There are several points at which the risk of providing the wrong product or service can be controlled. The first is ensuring we understand what the customer wants, which involves not only understanding the stated requirements of the customer, but also the unstated requirements such as obvious or  industry standards in the customers business that they would just expect us to know. One example would be renting a room in a hotel – do you need to specify the the room has a bed in it? If our standard products don’t satisfy the customer needs or their stated requirements, what else do they need that we don’t know about. the risk of failing to address this is the customer choosing another supplier.

These considerations were implicit in ISO9001:2008, but have been made explicit in ISO9001:2015. There are many ways to manage risk, but we can only manage risks when we assess what the risks are.
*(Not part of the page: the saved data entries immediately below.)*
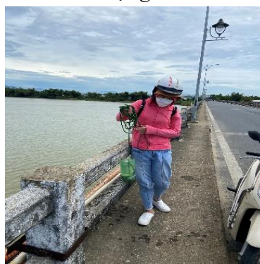
Hình 5: Cầu Câu Lâu
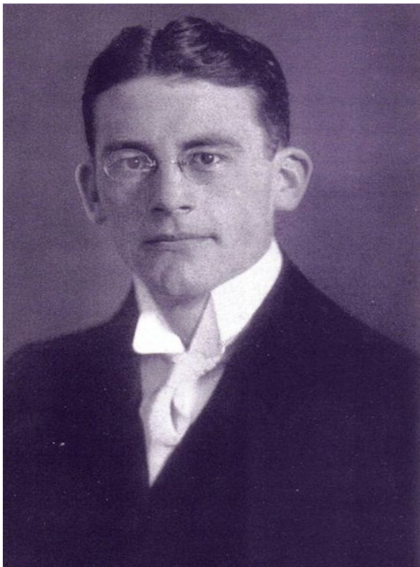
Карл Шмитт (1888-1985)

Что такое «политическое»? (из работы «Понятие политического»)
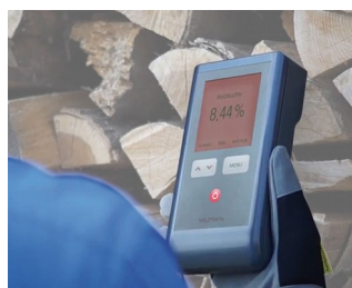
Wood moisture measuring device
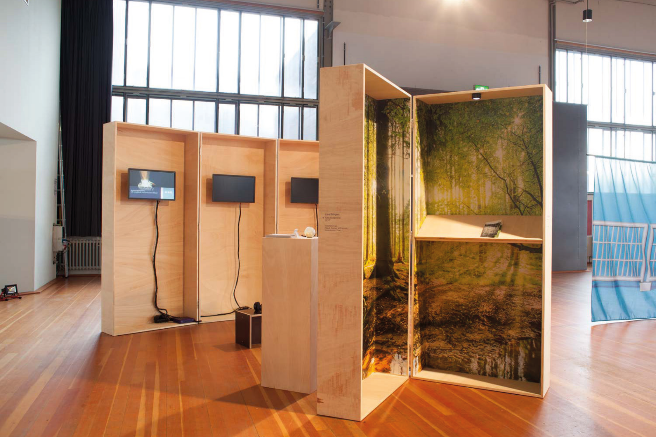
C.A.R. Essen | ausgewählte Arbeiten der Fachklasse
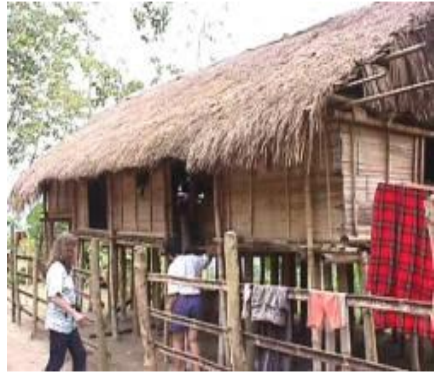
Gunu Bung – uri ng bahay na may dalawang palapag

*Ang anyo ng mga bahay ng T'boli ay nag-iiba batay sa katayuan nila sa lipunan - ang sukat ng bahay nila ay katumbas ng sukat ng kanilang kayamanan.
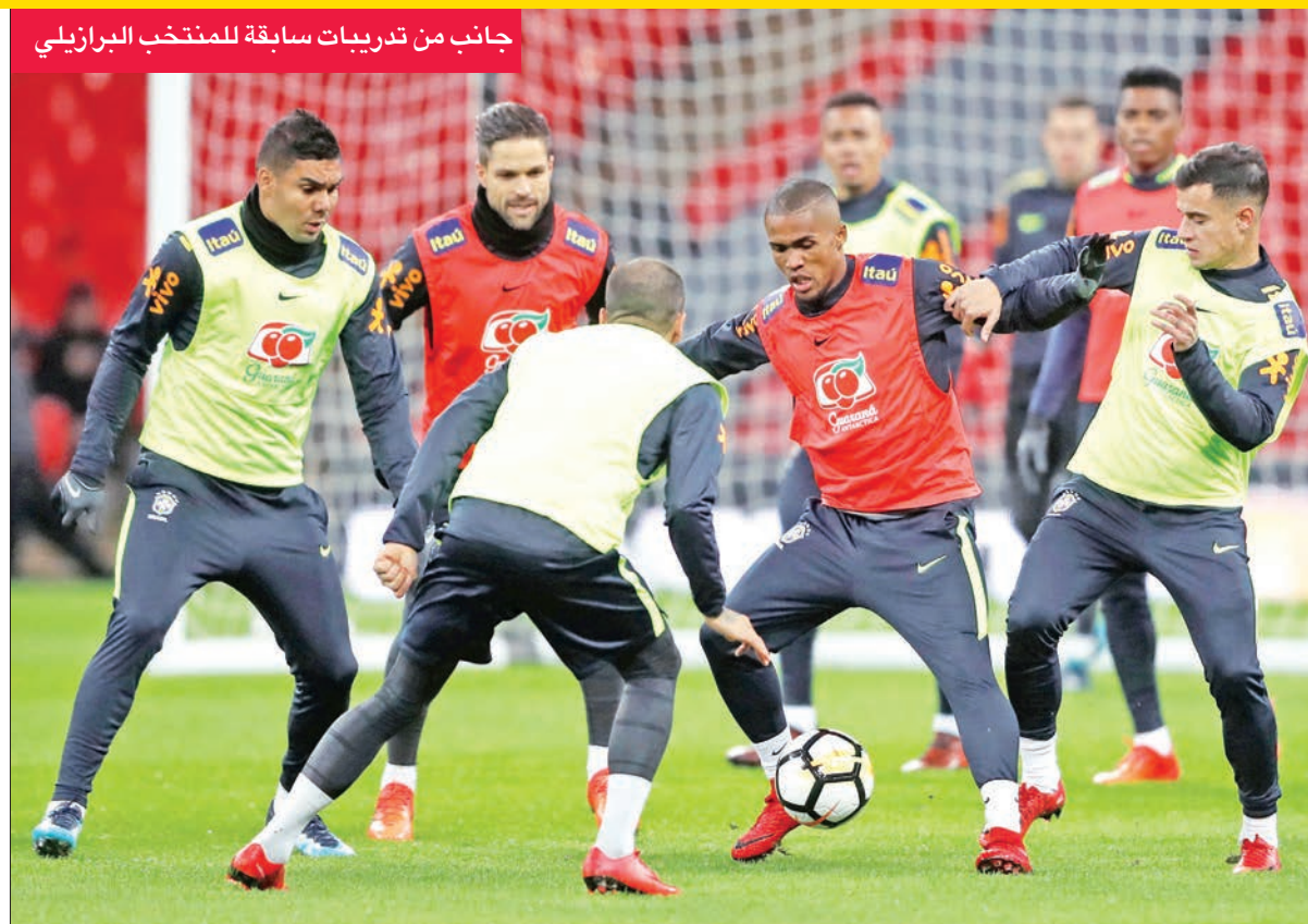
جانب من تدريبات سابقة للمنتخب البرازيلي

يسعى المنتخب البرازيلي إلى الإعداد القوي لخوض نهائيات مونديال يونيو المقبل، بخوض مباريات ودية على مستوى عال، حيث سيلتقي السيليساو منتخب روسيا مستضيف كأس العالم اليوم.
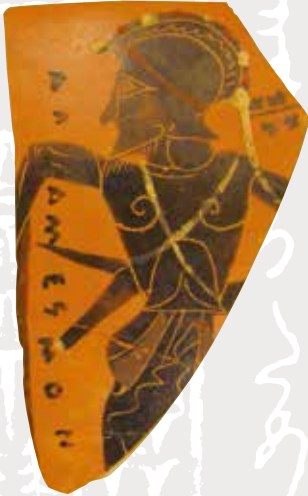
文字入り黒像式陶片 ギリシア 前6～5世紀 神奈川個人蔵

One of the most significant changes in ISO9001:2015 is bringing the requirement to understand the legislation that is relevant to your business. This was always a requireemtn, but with the harmonisation of standard structure from Annex SL, the legislative requirement has been made more obvious.

Another area that has been strengthened with more rigorous risk analysis is handling of non-conformance. Whilst consideration of the risks associated with releasing the product have always been considered, an FMEA approach requires us to consider both performance and commercial risks, which may not have been clear before. What are the potential costs of failure compared to the cost of rejecting or scrapping the product? This is not a licence to release anything, far from it. An effective FMEA on a non-conforming product should involve all stakeholders, which must include the customer. Can we afford to involve the customer in a decision about defective stock? Surely it is healthier for the supply chain if we do, it also gives the customer a chance to consider the real impact of a defect, not only on their process, but also on their total supply chain costs.

Rejecting something that is out of specification seems an easy choice, but it creates costs which will come back later in the form of price increases.

Auditing is an area where risk has become an explicit consideration. It is no longer acceptable to simply audit on the basis of auditing all procedures every year, now we must consider the risk to the business of a failure in a particular area. When you consider the risk it becomes obvious that just auditing every process every year is not the right thing to do. For example if there is a manufacturing process that is absolutely critical to customer quality, would it make sense to audit that process at the same frequency as a process that causes a minor inconvenience if there is a defect?

In conclusion, applying risk analysis techniques as part of the QMS encourages the business to consider its strategy, objective and environment in a structured and rational way. Using risk analysis in this way helps a business integrate its quality functions into the daily business operations and makes it almost impossible for a business to run a QMS in parallel to standard business  operations. Integration at this level results in safer products, more accountability and better customer satisfaction.